Start of Exercise data
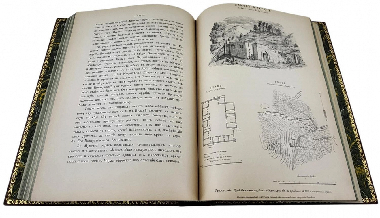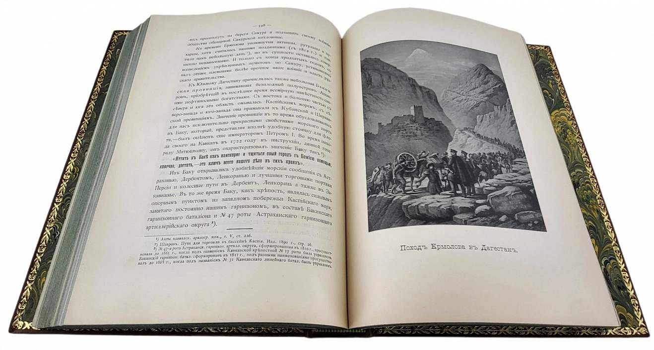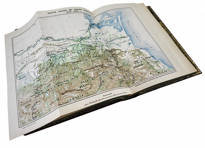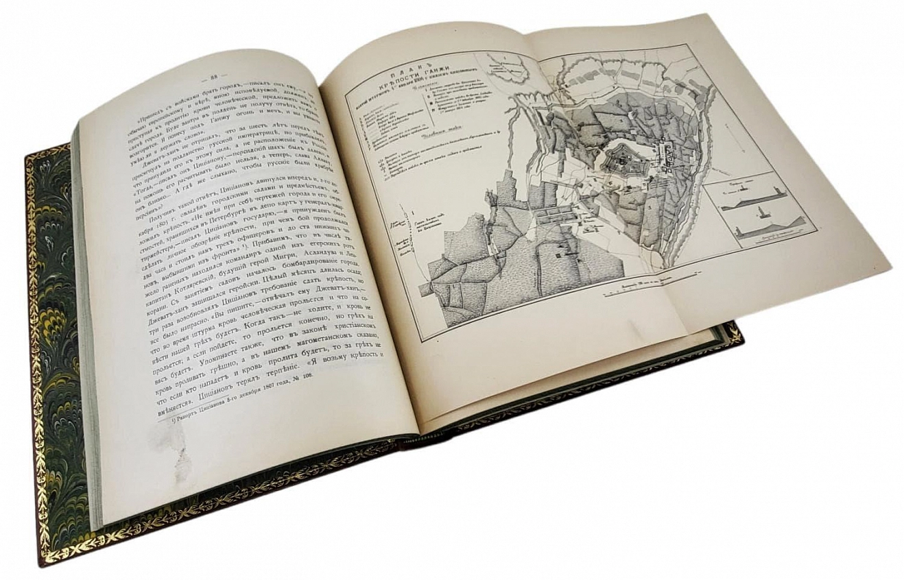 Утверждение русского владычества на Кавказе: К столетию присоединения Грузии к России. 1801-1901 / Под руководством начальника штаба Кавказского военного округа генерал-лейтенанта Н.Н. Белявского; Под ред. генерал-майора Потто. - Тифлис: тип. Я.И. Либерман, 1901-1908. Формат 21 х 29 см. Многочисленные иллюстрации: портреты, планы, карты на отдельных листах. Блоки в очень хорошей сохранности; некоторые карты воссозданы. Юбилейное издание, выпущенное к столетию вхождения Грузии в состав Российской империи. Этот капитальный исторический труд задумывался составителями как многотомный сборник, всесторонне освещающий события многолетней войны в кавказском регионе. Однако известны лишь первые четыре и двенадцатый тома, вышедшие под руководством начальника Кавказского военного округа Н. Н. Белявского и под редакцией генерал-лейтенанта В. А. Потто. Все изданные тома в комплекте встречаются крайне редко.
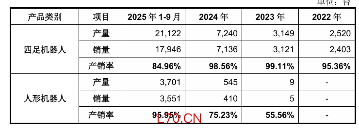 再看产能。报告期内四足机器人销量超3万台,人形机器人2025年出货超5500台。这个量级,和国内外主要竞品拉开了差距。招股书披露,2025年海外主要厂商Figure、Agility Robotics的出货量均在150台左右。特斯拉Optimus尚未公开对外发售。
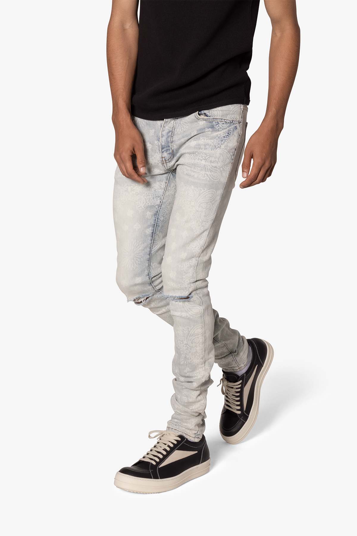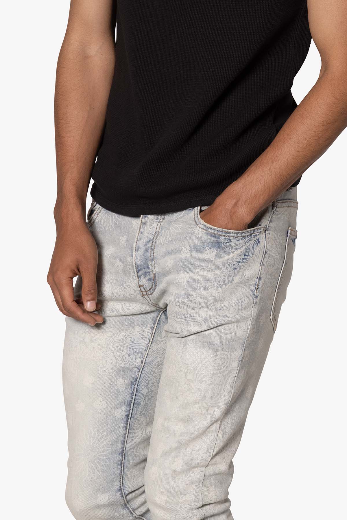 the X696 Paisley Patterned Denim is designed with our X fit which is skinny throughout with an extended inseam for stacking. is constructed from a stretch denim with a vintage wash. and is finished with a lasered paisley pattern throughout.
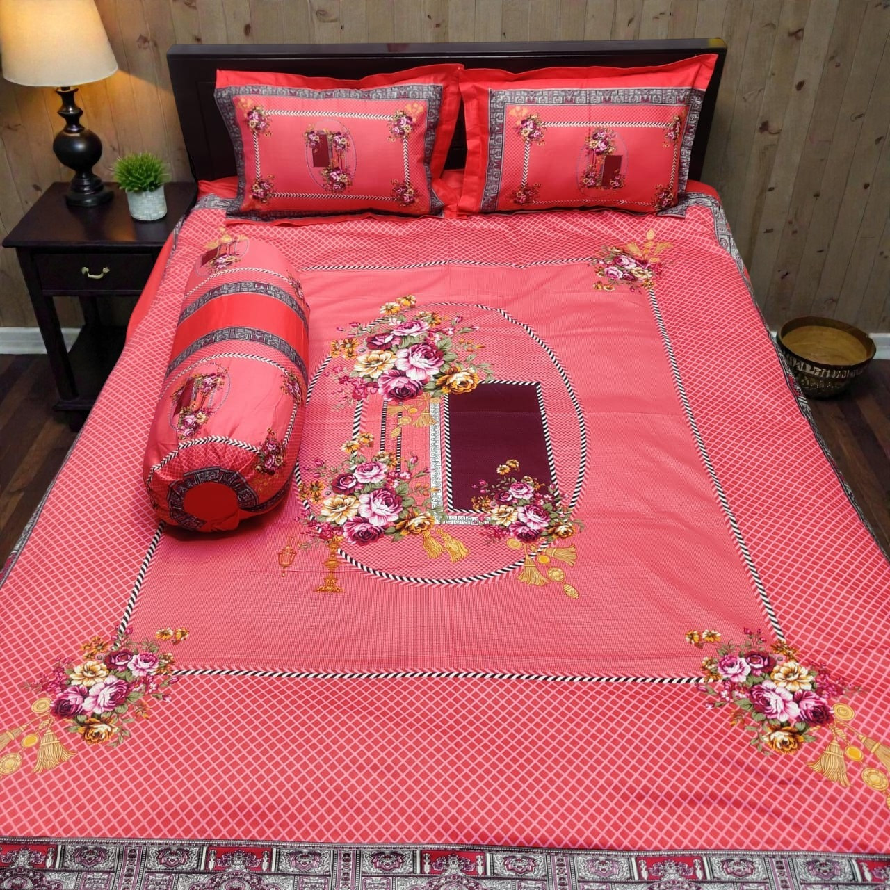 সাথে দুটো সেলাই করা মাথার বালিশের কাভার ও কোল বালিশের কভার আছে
End of Exercise data
> [What this task involves]: All of the listing above has to be reproduced exactly, though without its images.

> [Answer to this problem]:
 Утверждение русского владычества на Кавказе: К столетию присоединения Грузии к России. 1801-1901 / Под руководством начальника штаба Кавказского военного округа генерал-лейтенанта Н.Н. Белявского; Под ред. генерал-майора Потто. - Тифлис: тип. Я.И. Либерман, 1901-1908. Формат 21 х 29 см. Многочисленные иллюстрации: портреты, планы, карты на отдельных листах. Блоки в очень хорошей сохранности; некоторые карты воссозданы. Юбилейное издание, выпущенное к столетию вхождения Грузии в состав Российской империи. Этот капитальный исторический труд задумывался составителями как многотомный сборник, всесторонне освещающий события многолетней войны в кавказском регионе. Однако известны лишь первые четыре и двенадцатый тома, вышедшие под руководством начальника Кавказского военного округа Н. Н. Белявского и под редакцией генерал-лейтенанта В. А. Потто. Все изданные тома в комплекте встречаются крайне редко.
 再看产能。报告期内四足机器人销量超3万台,人形机器人2025年出货超5500台。这个量级,和国内外主要竞品拉开了差距。招股书披露,2025年海外主要厂商Figure、Agility Robotics的出货量均在150台左右。特斯拉Optimus尚未公开对外发售。
 the X696 Paisley Patterned Denim is designed with our X fit which is skinny throughout with an extended inseam for stacking. is constructed from a stretch denim with a vintage wash. and is finished with a lasered paisley pattern throughout.
 সাথে দুটো সেলাই করা মাথার বালিশের কাভার ও কোল বালিশের কভার আছে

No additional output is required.